AustralianAntarcticDivision / raadtools

Tools for Synoptic Environmental Spatial Data
http://australianantarcticdivision.github.io/raadtools/
24 stars 3 forks source link

creating COGs of GHRSST #139

Closed mdsumner closed 1 year ago

mdsumner commented 1 year ago

Here's the incantation

dsn <- dsn::vrtcon(dsn::sds( files$fullname[1], "analysed_sst", "netCDF"), a_scale=0.001, a_offset = 25, a_ullr="-180,90,180,-90", a_srs="OGC:CRS84")

f <- vapour::gdal_raster_dsn(dsn,  out_dsn = "ghrsst/out.tif", options=c("-nomd", "-overwrite", "-co", "COMPRESS=DEFLATE", "-of", "COG", "-co", "BLOCKSIZE=1024", "-co", "NUM_THREADS=ALL_CPUS", "-co", "PREDICTOR=STANDARD", "-co", "RESAMPLING=AVERAGE", "-co", "SPARSE_OK=YES", "-multi"))
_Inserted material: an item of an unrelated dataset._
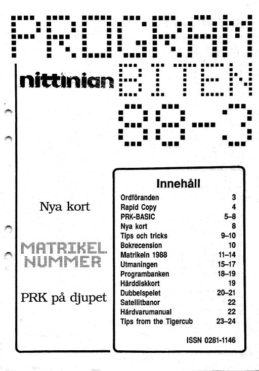 Programbiten Nittinian 1988 nr 3 3 Ordföranden 4 Rapid Copy 5 PRK-BASIC 8 Nya kort 9 Tips och tricks 10 Bokrecension 11 Matrikeln 1988 15 Utmaningen 18 Programbanken 19 Hårddiskkort 20 Dubbelspelet 22 Satellitebanor Hårdvarumanual 23 Tips from the Tigercub |

I can't see how to make the overviews have sensible sizes, but it might be worth resampling to a sensible grid size 36000x18000 rather than x17999

Setting a_offset allows us to use the inbuilt scaling, and hence extra compression of integer+DEFLATE, but then GDAL unscaling gives celsius not K.

The tif is equivalent size of the netcdf, and it's much much faster (terra too if use dev with 'by_util=TRUE').

library(terra)
terra 1.7.41
>  system.time(project(rast("out.tif"), rast(res = 0.25), by_util = T) * 1)
   user  system elapsed
  0.221   0.132   0.353

@raymondben this will be a very nice addition to https:// available raad-files, and I think can in practical terms even replace OISST because it's so fast to read/warp from overview, I'll explore setting it up to be generated routinely

mdsumner commented 1 year ago

it's insanely fast

library(terra)
plot(project(rast("out.tif"), rast(ext(c(-1, 1, -1 , 1)) * 1e7, res = 25000, crs = "+proj=laea +lon_0=180"), by_util = T) * 1)
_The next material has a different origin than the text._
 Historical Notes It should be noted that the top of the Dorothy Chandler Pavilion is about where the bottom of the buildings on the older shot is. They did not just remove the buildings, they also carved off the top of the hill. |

plot(project(rast("out.tif"), rast(ext(c(-1, 1, -1 , 1)) * 5e5, res = 200, crs = "+proj=laea +lon_0=147 +lat_0=-46"), by_util = T) * 1)

image

image

mdsumner commented 1 year ago

another option is to use a VRT of the original NetCDF, but create an auxiliary overview-tif that sits side by side, that's all it is a COG with overviews 0, 1, 2, ... (these are subsamples of the source at /2, /4, /8, ...) in a .vrt.ovr file, e.g.

## create a VRT from the above dsn 
out <- "20020601090000-JPL-L4_GHRSST-SSTfnd-MUR-GLOB-v02.0-fv04.1.vrt.ovr"
f <- vapour::gdal_raster_dsn(dsn, target_dim = c(18000, as.integer(17999/2)),  out_dsn = out, options=c("-nomd", "-overwrite", "-co", "COMPRESS=DEFLATE", "-of", "COG", "-co", "BLOCKSIZE=1024", "-co", "NUM_THREADS=ALL_CPUS", "-co", "PREDICTOR=STANDARD", "-co", "RESAMPLING=AVERAGE", "-co", "SPARSE_OK=YES", "-multi"))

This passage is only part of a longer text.